## EXERCISE INSTRUCTIONS
Write out the entries below exactly, but only from the line containing "Le thème qu’il" through the line containing "The body is", and without the pictures.

## RECORDS TO PROCESS

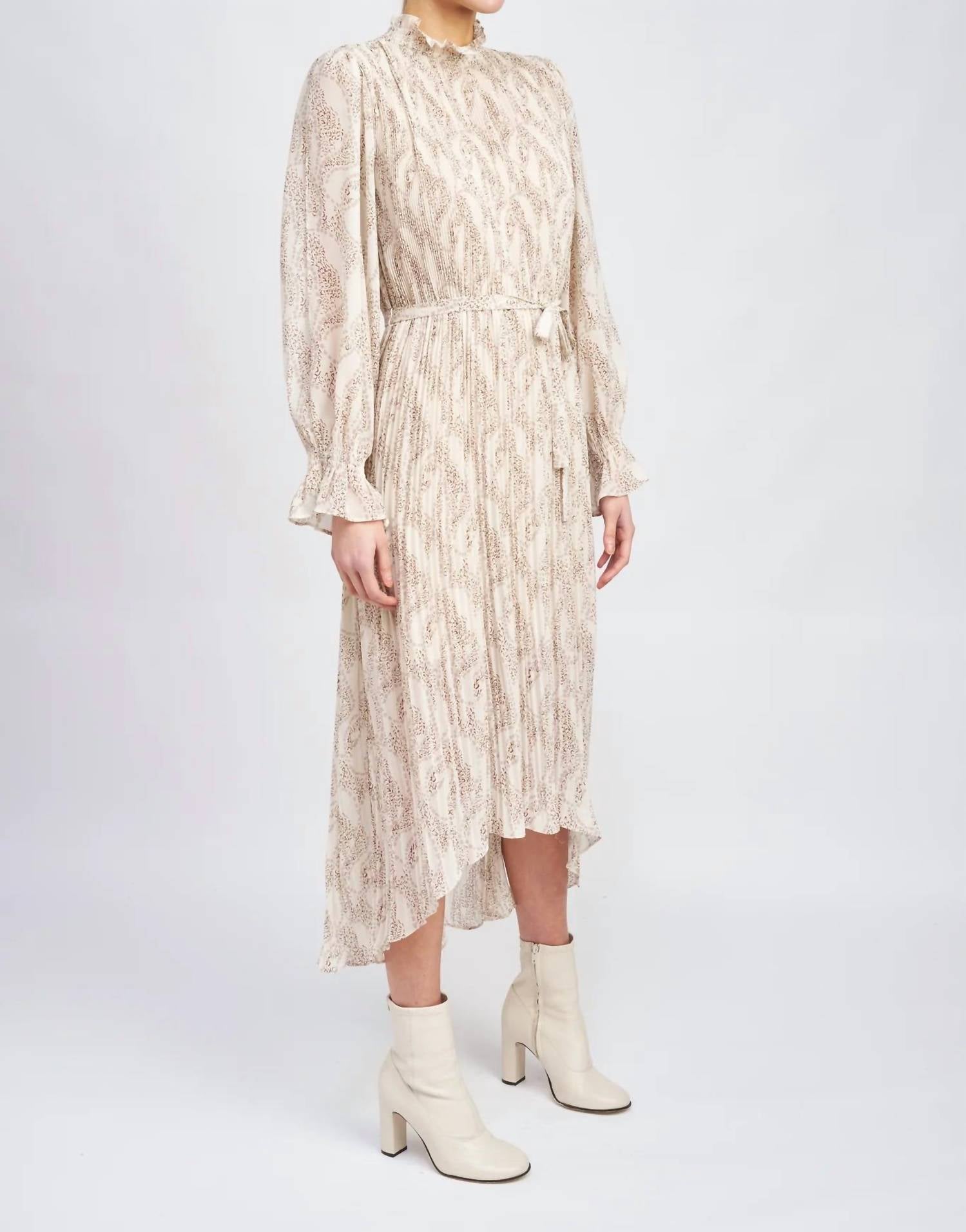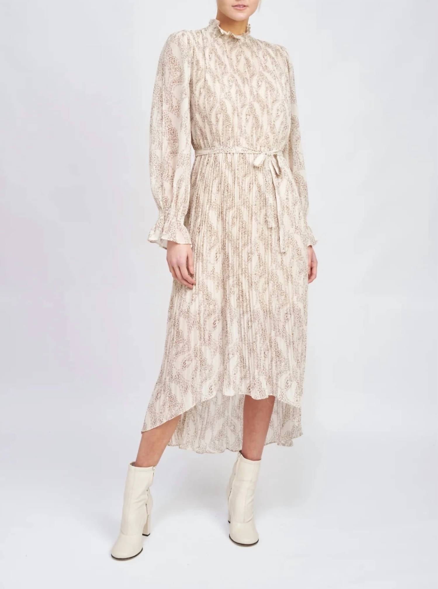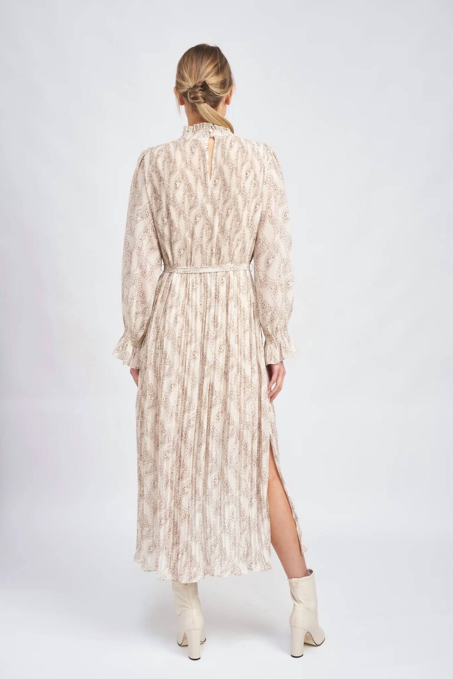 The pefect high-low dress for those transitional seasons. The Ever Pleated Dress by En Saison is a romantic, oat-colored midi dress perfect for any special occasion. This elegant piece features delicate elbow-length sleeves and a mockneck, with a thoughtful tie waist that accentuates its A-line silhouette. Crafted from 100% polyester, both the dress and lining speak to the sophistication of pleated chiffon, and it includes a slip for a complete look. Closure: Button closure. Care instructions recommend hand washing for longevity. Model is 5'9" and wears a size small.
---
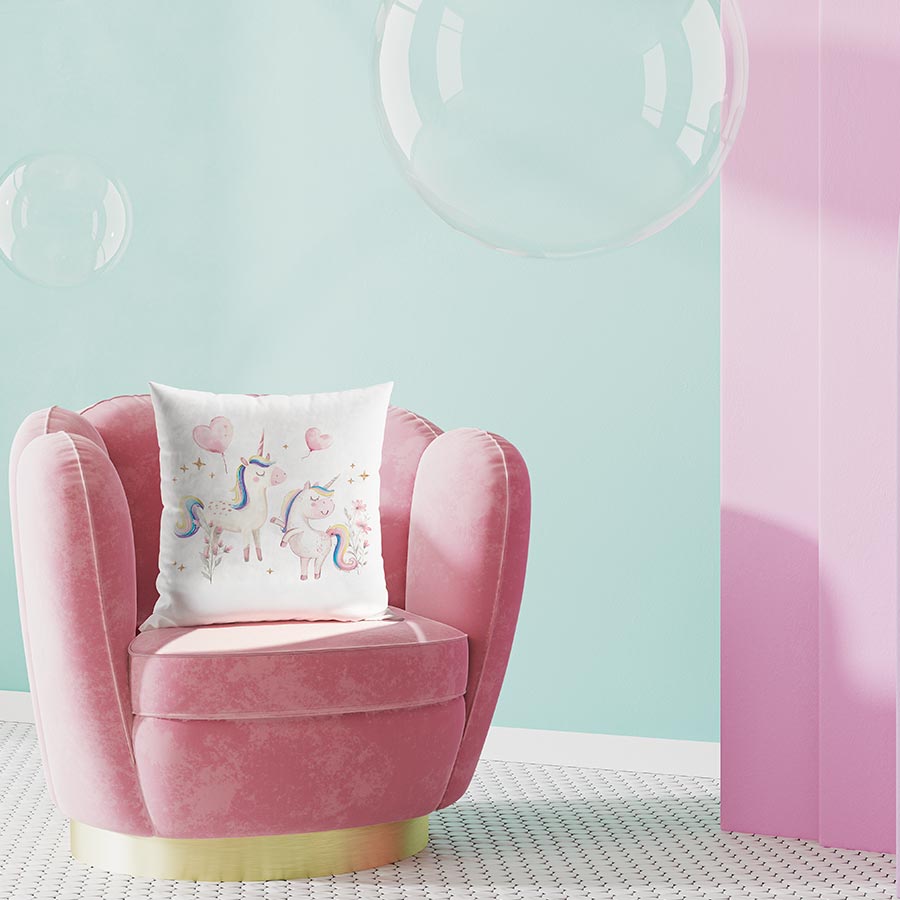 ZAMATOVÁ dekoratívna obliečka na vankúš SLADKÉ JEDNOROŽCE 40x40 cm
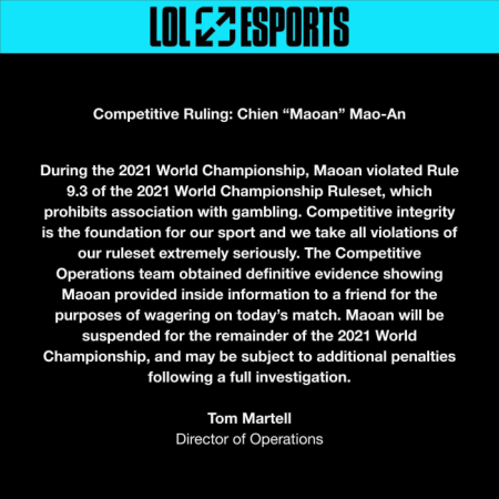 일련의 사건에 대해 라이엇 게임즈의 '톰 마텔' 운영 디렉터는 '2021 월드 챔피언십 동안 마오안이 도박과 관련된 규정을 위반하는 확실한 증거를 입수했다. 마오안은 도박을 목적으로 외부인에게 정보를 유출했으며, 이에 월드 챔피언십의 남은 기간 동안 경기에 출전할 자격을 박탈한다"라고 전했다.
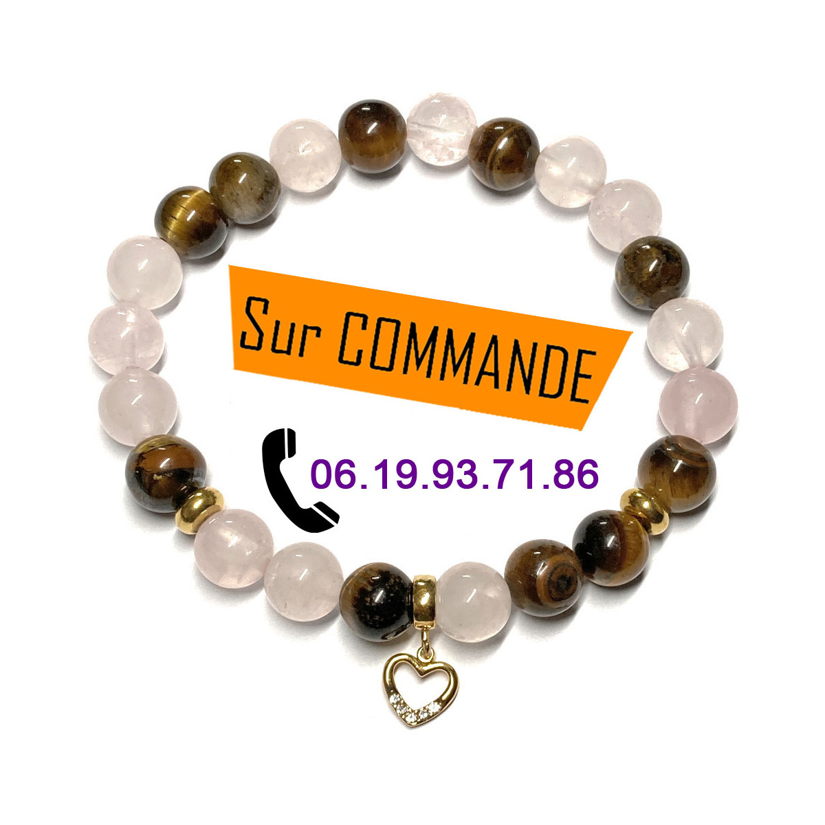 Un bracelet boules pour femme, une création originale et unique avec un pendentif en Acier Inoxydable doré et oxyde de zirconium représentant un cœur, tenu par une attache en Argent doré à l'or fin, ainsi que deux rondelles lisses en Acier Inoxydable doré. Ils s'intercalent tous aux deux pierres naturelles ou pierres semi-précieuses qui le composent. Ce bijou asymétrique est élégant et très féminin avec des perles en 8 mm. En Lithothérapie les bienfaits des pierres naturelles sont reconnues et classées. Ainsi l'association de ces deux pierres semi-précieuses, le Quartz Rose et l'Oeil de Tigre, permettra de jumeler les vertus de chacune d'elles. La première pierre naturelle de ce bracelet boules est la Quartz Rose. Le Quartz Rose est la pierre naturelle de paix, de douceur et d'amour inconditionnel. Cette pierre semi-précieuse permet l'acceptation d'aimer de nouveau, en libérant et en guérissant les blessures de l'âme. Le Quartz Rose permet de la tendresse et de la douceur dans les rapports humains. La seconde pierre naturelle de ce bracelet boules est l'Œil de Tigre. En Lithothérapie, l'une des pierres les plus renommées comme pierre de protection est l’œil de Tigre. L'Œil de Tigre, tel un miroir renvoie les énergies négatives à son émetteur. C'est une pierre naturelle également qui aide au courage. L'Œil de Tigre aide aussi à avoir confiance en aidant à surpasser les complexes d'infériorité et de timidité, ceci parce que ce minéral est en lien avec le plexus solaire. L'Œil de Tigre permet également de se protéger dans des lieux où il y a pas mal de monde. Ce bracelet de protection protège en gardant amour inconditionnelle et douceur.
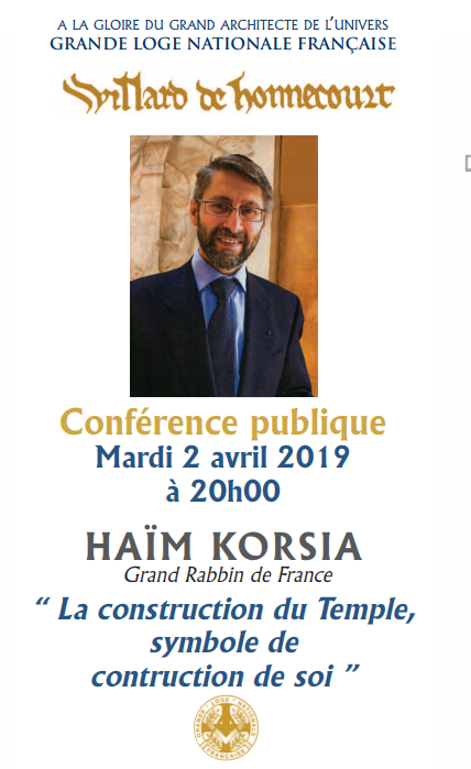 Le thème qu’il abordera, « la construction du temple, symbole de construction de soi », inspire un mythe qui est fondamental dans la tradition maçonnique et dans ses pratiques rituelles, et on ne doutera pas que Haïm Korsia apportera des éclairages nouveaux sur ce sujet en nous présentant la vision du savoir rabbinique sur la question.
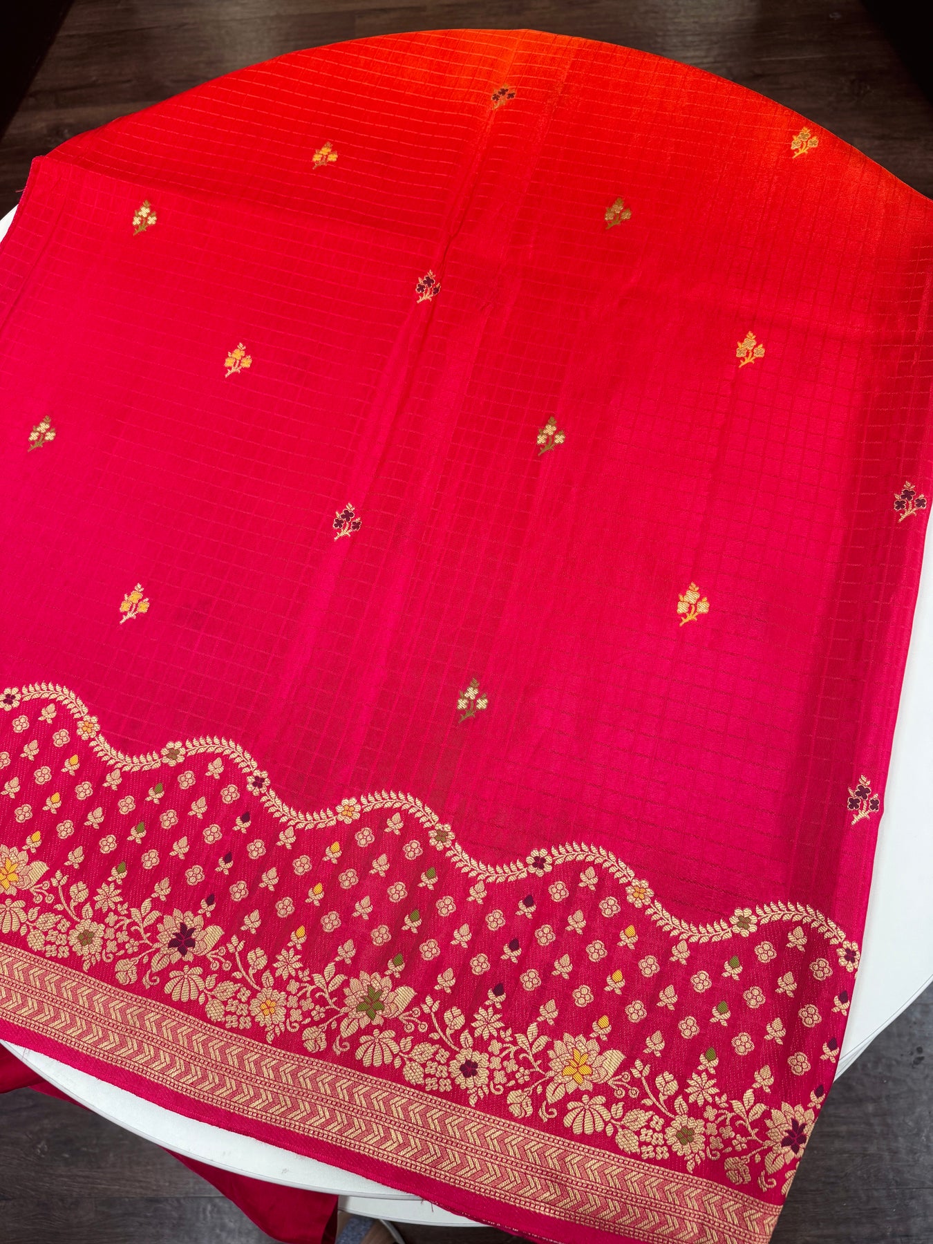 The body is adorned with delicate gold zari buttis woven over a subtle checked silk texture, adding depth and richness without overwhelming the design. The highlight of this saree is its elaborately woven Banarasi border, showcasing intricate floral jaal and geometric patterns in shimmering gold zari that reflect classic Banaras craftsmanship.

## SOLVED PROBLEM
 Le thème qu’il abordera, « la construction du temple, symbole de construction de soi », inspire un mythe qui est fondamental dans la tradition maçonnique et dans ses pratiques rituelles, et on ne doutera pas que Haïm Korsia apportera des éclairages nouveaux sur ce sujet en nous présentant la vision du savoir rabbinique sur la question.
 The body is adorned with delicate gold zari buttis woven over a subtle checked silk texture, adding depth and richness without overwhelming the design. The highlight of this saree is its elaborately woven Banarasi border, showcasing intricate floral jaal and geometric patterns in shimmering gold zari that reflect classic Banaras craftsmanship.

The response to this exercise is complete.